[llvm] 66efb98 - [CVP] Expand bound `urem`s
Nikita Popov via llvm-commits
llvm-commits at lists.llvm.org
Fri Dec 30 11:30:23 PST 2022
On Fri, Dec 30, 2022, at 17:41, Roman Lebedev via llvm-commits wrote:
>
> Author: Roman Lebedev
> Date: 2022-12-30T19:40:46+03:00
> New Revision: 66efb986322b206834e7c9e1eb777fa053912c39
>
> URL: https://github.com/llvm/llvm-project/commit/66efb986322b206834e7c9e1eb777fa053912c39
> DIFF: https://github.com/llvm/llvm-project/commit/66efb986322b206834e7c9e1eb777fa053912c39.diff
>
> LOG: [CVP] Expand bound `urem`s
>
> This kind of thing happens really frequently in LLVM's very own
> shuffle combining methods, and it is even considered bad practice
> to use `%` there, instead of using this expansion directly.

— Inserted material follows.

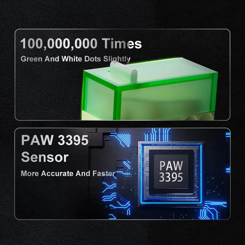 • Pixart PAW3395 sensor (26,000 DPI, 650 IPS, 50G)

> Though, many of the cases there have variable divisors,
> so this won't help everything.
>
> Simple case: https://alive2.llvm.org/ce/z/PjvYf-
> There's alternative expansion via `umin`:
> https://alive2.llvm.org/ce/z/hWCVPb
>
> BUT while we can transform the first expansion
> into the `umin` one (e.g. for SCEV):
> https://alive2.llvm.org/ce/z/iNxKmJ
> ... we can't go in the opposite direction.
>
> Also, the non-`umin` expansion seems somewhat more codegen-friendly:
> https://godbolt.org/z/qzjx5bqWK
> https://godbolt.org/z/a7bj1axbx
>
> There's second variant of precondition:
> https://alive2.llvm.org/ce/z/zE6cbM
> but there the numerator must be non-undef / must be frozen.
>
> Added:
>
>
> Modified:
> llvm/lib/Transforms/Scalar/CorrelatedValuePropagation.cpp
> llvm/test/Transforms/CorrelatedValuePropagation/urem-expansion.ll
> llvm/test/Transforms/CorrelatedValuePropagation/urem.ll
> llvm/test/Transforms/PhaseOrdering/cmp-logic.ll
>
> Removed:
>
>
>
> ################################################################################
> diff --git a/llvm/lib/Transforms/Scalar/CorrelatedValuePropagation.cpp b/llvm/lib/Transforms/Scalar/CorrelatedValuePropagation.cpp
> index 5c3fdc1451e93..1093f4e23254c 100644
> --- a/llvm/lib/Transforms/Scalar/CorrelatedValuePropagation.cpp
> +++ b/llvm/lib/Transforms/Scalar/CorrelatedValuePropagation.cpp
> @@ -769,6 +769,63 @@ static bool narrowSDivOrSRem(BinaryOperator *Instr, LazyValueInfo *LVI) {
> return true;
> }
>
> +static bool expandURem(BinaryOperator *Instr, LazyValueInfo *LVI) {
> + assert(Instr->getOpcode() == Instruction::URem);
> + assert(!Instr->getType()->isVectorTy());
> +
> + Value *X = Instr->getOperand(0);
> + Value *Y = Instr->getOperand(1);
> +
> + ConstantRange XCR = LVI->getConstantRange(X, Instr);
> + ConstantRange YCR = LVI->getConstantRange(Y, Instr);
> +
> + // Given
> + // R = X u% Y
> + // We can represent the modulo operation as a loop/self-recursion:
> + // urem_rec(X, Y):
> + // Z = X - Y
> + // if X u< Y
> + // ret X
> + // else
> + // ret urem_rec(Z, Y)
> + // which isn't better, but if we only need a single iteration
> + // to compute the answer, this becomes quite good:
> + // R = X < Y ? X : X - Y iff X u< 2*Y (w/ unsigned saturation)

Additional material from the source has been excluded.